February 1, 1977 marked the first story in the tabloids that alluded to the fact that the shootings might be connected. A sketch was shown of the gunman; it looked like the Berkowitz we later came to know. The police now suspected they had a serial killer on their hands.

But this was soon forgotten because on Valentine’s Day 1977 a neo-Nazi nut stormed the Neptune Moving Company in New Rochelle, a town just north of the Bronx, killing five people and himself in an all-day siege.

The local news stations broadcasted live footage of this and the next day’s papers were filled with the horrific tales of Fred Cowan, a thirty-three-year-old man from New Rochelle. He was a bald, hulking six foot, 250-pound weight lifter. He was a self-described Nazi, and a hater of blacks and Jews. In a rage over being suspended from his job at the moving company, he decided to take out his Jewish boss and some of his black coworkers.

For days afterwards the papers and TV news were filled with stories on Cowan. What they all missed was his odd connection to Son of Sam.

On March 8, 1977, the now labeled .44 Caliber Killer took back the headlines by shooting a college student named Virginia Voskerichian as she walked home from the subway to her apartment in Forest Hills. As the gunman approached her, her only defense was her textbooks, with which she covered her face. The bullets tore through her books and found her head. The shooting was two blocks away from the January ambush.

This was a busy neighborhood, and eyewitnesses saw two completely different-looking people running from the scene.
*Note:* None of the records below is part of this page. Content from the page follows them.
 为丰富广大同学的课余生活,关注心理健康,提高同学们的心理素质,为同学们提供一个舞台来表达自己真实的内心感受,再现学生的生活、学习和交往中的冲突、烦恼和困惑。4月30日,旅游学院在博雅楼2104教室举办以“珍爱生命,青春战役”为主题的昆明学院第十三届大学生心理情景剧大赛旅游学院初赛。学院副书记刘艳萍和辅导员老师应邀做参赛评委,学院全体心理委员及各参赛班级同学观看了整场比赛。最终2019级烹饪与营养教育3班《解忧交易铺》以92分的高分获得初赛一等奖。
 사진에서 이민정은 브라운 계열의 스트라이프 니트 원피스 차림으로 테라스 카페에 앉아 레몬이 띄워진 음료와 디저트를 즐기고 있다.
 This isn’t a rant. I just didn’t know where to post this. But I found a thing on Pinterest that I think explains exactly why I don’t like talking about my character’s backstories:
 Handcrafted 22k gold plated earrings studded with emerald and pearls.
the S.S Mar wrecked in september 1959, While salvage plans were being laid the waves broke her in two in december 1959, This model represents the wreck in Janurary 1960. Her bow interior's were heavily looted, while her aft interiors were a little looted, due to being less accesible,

Two drawings were published; one looked like Berkowitz and the other showed a soft-featured person, maybe a woman, in a knit cap.
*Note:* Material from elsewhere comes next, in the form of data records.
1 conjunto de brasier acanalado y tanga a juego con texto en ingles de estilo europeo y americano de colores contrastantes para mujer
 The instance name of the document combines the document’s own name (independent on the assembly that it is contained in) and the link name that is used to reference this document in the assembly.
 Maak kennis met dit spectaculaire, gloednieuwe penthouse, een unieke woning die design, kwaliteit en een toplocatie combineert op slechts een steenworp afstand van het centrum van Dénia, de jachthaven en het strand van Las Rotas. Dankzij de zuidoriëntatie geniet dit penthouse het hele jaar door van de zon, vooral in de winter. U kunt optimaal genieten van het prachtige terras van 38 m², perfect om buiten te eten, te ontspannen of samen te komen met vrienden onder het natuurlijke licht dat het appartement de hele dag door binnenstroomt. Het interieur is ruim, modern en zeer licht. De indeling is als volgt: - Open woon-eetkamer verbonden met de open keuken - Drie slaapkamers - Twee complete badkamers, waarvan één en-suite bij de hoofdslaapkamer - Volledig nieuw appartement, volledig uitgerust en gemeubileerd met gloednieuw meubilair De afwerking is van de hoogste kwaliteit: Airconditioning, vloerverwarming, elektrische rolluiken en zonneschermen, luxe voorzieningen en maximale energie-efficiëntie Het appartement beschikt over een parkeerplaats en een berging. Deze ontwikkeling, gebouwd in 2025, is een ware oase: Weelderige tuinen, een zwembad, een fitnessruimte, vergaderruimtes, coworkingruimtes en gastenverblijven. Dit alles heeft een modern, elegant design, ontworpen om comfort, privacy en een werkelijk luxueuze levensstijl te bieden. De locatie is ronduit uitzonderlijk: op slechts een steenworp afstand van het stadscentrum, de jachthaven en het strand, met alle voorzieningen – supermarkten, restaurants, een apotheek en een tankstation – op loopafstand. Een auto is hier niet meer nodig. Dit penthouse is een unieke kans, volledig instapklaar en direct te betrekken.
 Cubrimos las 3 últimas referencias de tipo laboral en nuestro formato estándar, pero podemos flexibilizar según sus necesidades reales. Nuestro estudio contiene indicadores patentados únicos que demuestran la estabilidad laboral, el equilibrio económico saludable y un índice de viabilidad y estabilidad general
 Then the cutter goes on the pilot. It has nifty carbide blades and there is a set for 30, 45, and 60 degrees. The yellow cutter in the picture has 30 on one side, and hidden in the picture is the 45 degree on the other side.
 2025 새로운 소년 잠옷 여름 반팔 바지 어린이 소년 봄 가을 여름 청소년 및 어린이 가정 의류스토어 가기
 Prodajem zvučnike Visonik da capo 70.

On March 10, 1977, New York’s littlest mayor, Abe Beame, held a press conference at the 112th Precinct, just a few blocks away from the last shooting. He announced that a murderer with a .44 caliber weapon was stalking New Yorkers and that an NYPD command called the Omega task force, manned with more than three hundred cops, had been set up to apprehend the fiend.

Then came the aforementioned April shooting in the Bronx, where Berkowitz dropped a letter giving himself the name Son of Sam. On May 30, 1977, he got the writing bug again.

David Berkowitz mailed a letter from New Jersey to the Daily News addressed to columnist Jimmy Breslin. I talked with Breslin about receiving Berkowitz’s missive. He was home in Forest Hills when it reached the News.

“A secretary called and read some of this madness to me over the phone,” Breslin said. “She really didn’t even want to read it. Said she was scared of it. It was an eerie letter. Very eerie. I told her to get rid of it and give it to the cops. I’ve made a conscious effort to not remember what it said. It was a sick letter written by a sick, depraved mind. It was hurled out of the depths of insanity... but I will say he is probably the only serial killer in history that knew how to use a semicolon.”

The letter started out: Hello from the gutters of N.Y.C. which are filled with dog manure, vomit, stale wine, urine, and blood...

This was reminiscent of Robert De Niro’s character, Travis Bickle, in the 1976 film Taxi Driver, as the character let go with a tirade to a politician in his cab.

Berkowitz’s letter went on:

JB... I also want to tell you that I read your column daily and find it quite informative... Sam’s a thirsty lad and he won’t let me stop killing until he gets his fill of blood... Here are some names to help you along: “The Duke of Death,” “The Wicked King Wicker,” “The Twenty Two Disciples of Hell,” “John Wheaties — Rapist and Suffocater [sic] of Young Girls.”